Millions of Indian households are starting today with a more expensive grocery bill. Mother Dairy, one of India’s most trusted milk brands, has officially raised prices across all its liquid milk variants by Rs 2 per litre, effective May 14, 2026. The company is calling this only a partial pass-through of costs, which means the real financial pressure building behind the scenes is far greater than what consumers are seeing at the booth or store today.
New Mother Dairy Milk Prices From Today
The price revision is uniform and applies to every liquid milk product in Mother Dairy’s range. Whether you pick up a pouch of toned milk at a grocery store or collect token milk from a local booth, every single variant has gone up by the same Rs 2 per litre starting today.
| Milk Variant | Old Price (per litre) | New Price (per litre) | Price Change |
|---|---|---|---|
| Full Cream Milk | Rs 70 | Rs 72 | +Rs 2 |
| Pro Milk | Rs 70 | Rs 72 | +Rs 2 |
| Cow Milk | Rs 60 | Rs 62 | +Rs 2 |
| Toned Milk (Pouched) | Rs 58 | Rs 60 | +Rs 2 |
| Bulk Vended Milk (Token) | Rs 56 | Rs 58 | +Rs 2 |
| Double Toned Milk (Live Lite) | Rs 52 | Rs 54 | +Rs 2 |
Full Cream Milk and Pro Milk are now the most expensive variants at Rs 72 per litre each, while Double Toned Milk (Live Lite) remains the most budget-friendly option at Rs 54 per litre.
The Bulk Vended Milk, widely called Token Milk, has gone from Rs 56 to Rs 58 per litre. This variant is sold directly at Mother Dairy booths and is a daily staple for middle and lower-income families across Delhi-NCR.
Standard Toned Milk in pouches has now crossed the Rs 60 mark for the first time, settling at exactly Rs 60 per litre. Cow Milk, another widely consumed choice, now stands at Rs 62 per litre.

Why Mother Dairy Raised Milk Prices in 2026
The company has been clear and transparent about what forced this revision.
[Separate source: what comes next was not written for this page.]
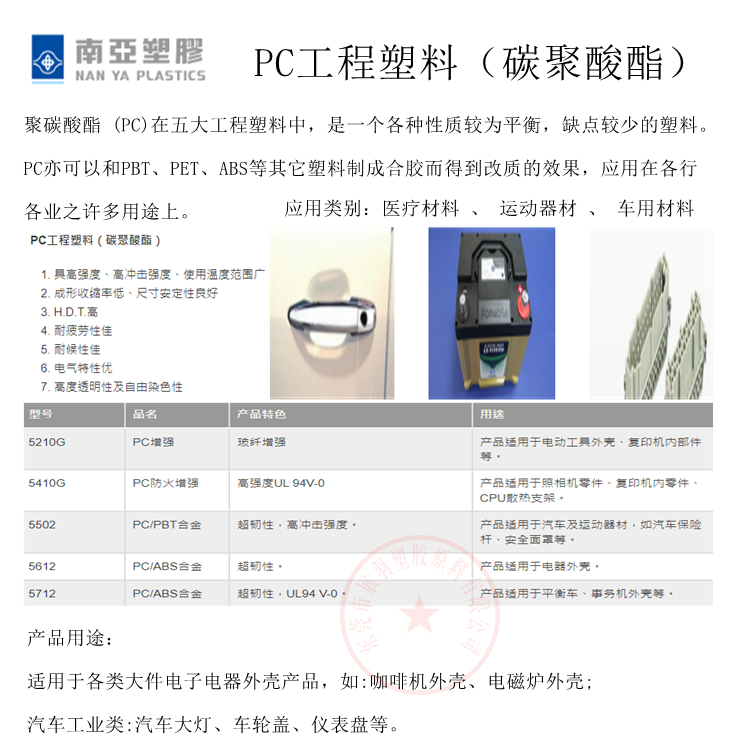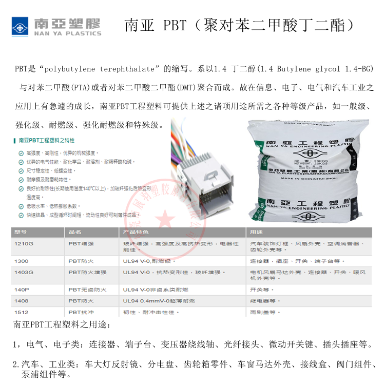 臺灣南亞工業塑膠系列 聚對苯二甲酸丁二酯 聚酰胺 聚丙烯 聚碳酸酯

Mother Dairy’s official spokesperson confirmed that farmer procurement prices have gone up by around 6 percent over the past one year. This is not a seasonal or short-term increase. It is a steady, sustained climb that the company was absorbing quietly before it became financially impossible to continue doing so.
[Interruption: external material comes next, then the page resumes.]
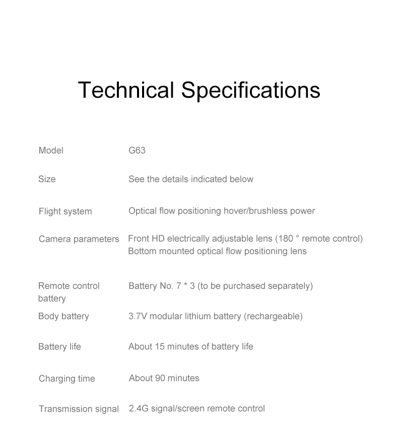 Function: Up/Down/Front/Rear, Left/Right Turn, Lateral Flight, LED Light, 360 ° Stunt Roll, Headless Mode, One Click Auto Return, Height Maintenance Mode WiFi FPV, Dual Camera Switchable, Supports Landscape/Portrait/Head Up Shooting, Camera Electric Adjustable 90 °

The spokesperson stated that the revision “has been necessitated in view of the sustained increase in farmer procurement prices.” That is the official explanation for a cost situation that eventually left no other option.
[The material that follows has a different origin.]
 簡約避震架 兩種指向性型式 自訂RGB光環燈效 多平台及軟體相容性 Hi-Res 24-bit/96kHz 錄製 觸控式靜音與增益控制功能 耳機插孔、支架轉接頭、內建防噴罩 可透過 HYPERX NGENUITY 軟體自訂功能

Even with this hike in place, the Rs 2 increase is still only a partial adjustment. Mother Dairy has cushioned consumers from the full impact of a cost rise that has been building for over twelve months. The real increase the company has been absorbing is larger than what buyers are now being asked to pay.
First Price Hike Since April 2025
This revision marks the first change in Mother Dairy’s liquid milk prices since April 2025. The company held the line for more than 13 months before making today’s move.
For a brand that supplies milk to millions of families across Delhi-NCR and several other key markets every single day, keeping prices frozen for over a year while procurement costs climbed 6 percent required significant financial management.
The 13-month gap between this revision and the last one is clear evidence that Mother Dairy does not take price changes lightly or make them frequently.
It also reveals the pressure that was quietly building inside the dairy supply chain. Farmers were receiving higher procurement rates for a full year. Mother Dairy was absorbing that gap throughout. Today’s hike is the result of that pressure finally reaching a point where a small, carefully managed consumer adjustment became unavoidable.
Farmer Welfare at the Heart of This Decision
Mother Dairy is a wholly-owned subsidiary of the National Dairy Development Board (NDDB). Its mission has always been rooted in supporting India’s rural dairy ecosystem and the farmers who form the backbone of it.
The company directs nearly 75 to 80 percent of its total milk sales realization toward farmer payments and milk procurement costs. That is one of the most farmer-centric revenue models in the Indian dairy industry.
The spokesperson framed the revision as an effort to maintain “a fair balance between farmer welfare and consumer interests.” That statement reflects the genuine tension Mother Dairy is managing right now on two fronts simultaneously.
Here is what that balance looks like on the ground:
- Farmers need fair, rising procurement prices to keep their dairy operations financially sustainable
- Consumers need milk to stay affordable, since it is a non-negotiable daily essential for most Indian families
- Mother Dairy sits directly in the middle, trying to honour both commitments without breaking either side of the equation
Viewed through that lens, the Rs 2 hike is not an impulsive corporate decision. It is a delayed and carefully calculated move to keep the entire chain from cracking under sustained cost pressure.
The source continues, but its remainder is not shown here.